By unambiguous contrast the collection worked to create precisely the effect the designer described. Dandyism is alive today but dresses differently. Here, Hermès put forward propositions that had my progressively dandyish benchmate from GQ “pulsating” after the show with an urge to inhabit them. His boat was particularly floated by the two-button suiting in calfskin, which beneath its soft glazed finish was in a deep off-black. The loose leg shape and almost fabric-responsive movement of the material combined to make top-to-toe leather-wearing an appealing proposition. It was worn with a pink blouse in chintsed poplin with an extra panel of fabric at the neck.
That, a little like the silk cashmere Hermès scarves worn with more conventionally fabricated long-skirted flannel suiting, acted as a contemporary substitute for the traditionally dandyish cravat.
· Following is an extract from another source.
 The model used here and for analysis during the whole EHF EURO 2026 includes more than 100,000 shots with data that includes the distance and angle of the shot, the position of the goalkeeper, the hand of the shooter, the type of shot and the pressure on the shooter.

The outerwear equivalent was delivered via the shaggy Tuscan lambskin linings (removable) that fronded luxuriously at the collars in various cuts of outerwear in pale green and faded yellow.
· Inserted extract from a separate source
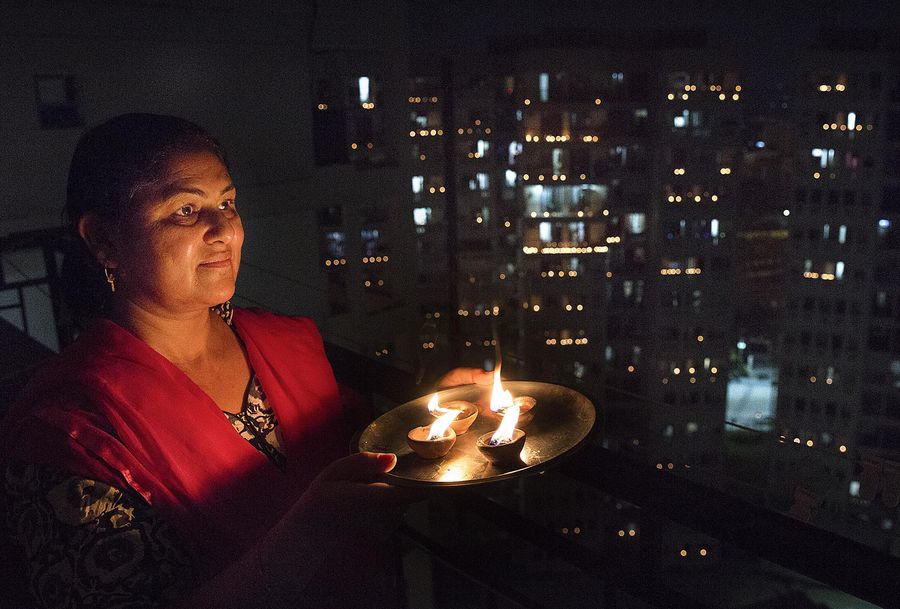 An Indian woman lights earthen lamps on her balcony to mark the country's fight against the COVID-19 pandemic in New Delhi, India, April 5, 2020. (Xinhua/Javed Dar)

Cut in what Hermès called technical satin, a shocking orange blouson and zingy, chlorophyll green collared half-zip cagoule were both startling examples of the generic made exceptional. In contrast, two crocodile blousons—both black—were the pinnacle trophy pieces, yet more inherently discreet. Parkas in different shades of charcoal and in a print as abstracted as Teste’s digitally decomposed tapestries and abstract knit high-neck twinsets offered visual texture against which shone chained horseshoe pendants.
A stand-out bag named The Rock was appropriately akin to a butch Birkin, buffed up via vertical elongation and the addition of a substantial key chain running from the top front edge of the bag into a poppered flap pocket at the side. Alongside that was a semi-oval pocket closed by a shining diagonal zip: Perfecto portage. Shoes, mostly Chelsea boots, were mirrored highly enough for any dedicated dandy to regard his image.
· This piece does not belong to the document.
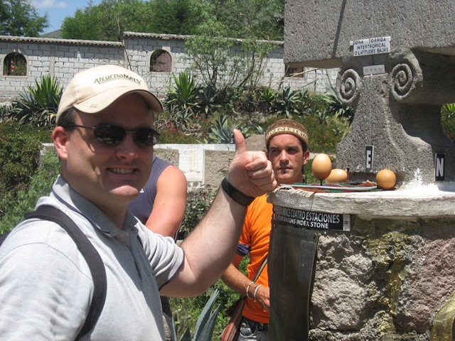 2008-04-23 Peru-Ecuador 2898They have a number of different sun dials which show you how the sun spends half of the year in the northern sky and the other half in the southern sky. No trip to the equator would be complete without trying to balance an egg on the head of a nail. Which I have to admit was pretty easy.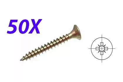 50db 4mm átmérőjű, 50mm hosszú, cink sárga sűllyesztett fejű csavar faforgácslapba, PZ2 fejjel.

In the backstage area of this show were columns, which Nichanian’s team had wrapped with paper upon which were printed some of the pillars that prop up the house of Hermès. On one side were the raw materials: Leather (obviously), cashmere, denim, wool, silk, and so on. And on the other were words associated with our interaction with those materials: Stroke, brush, feel, touch, hands. Here, craft and imagination combined to conjure materials into a menswear form that was, as noted at the top, highly seductive.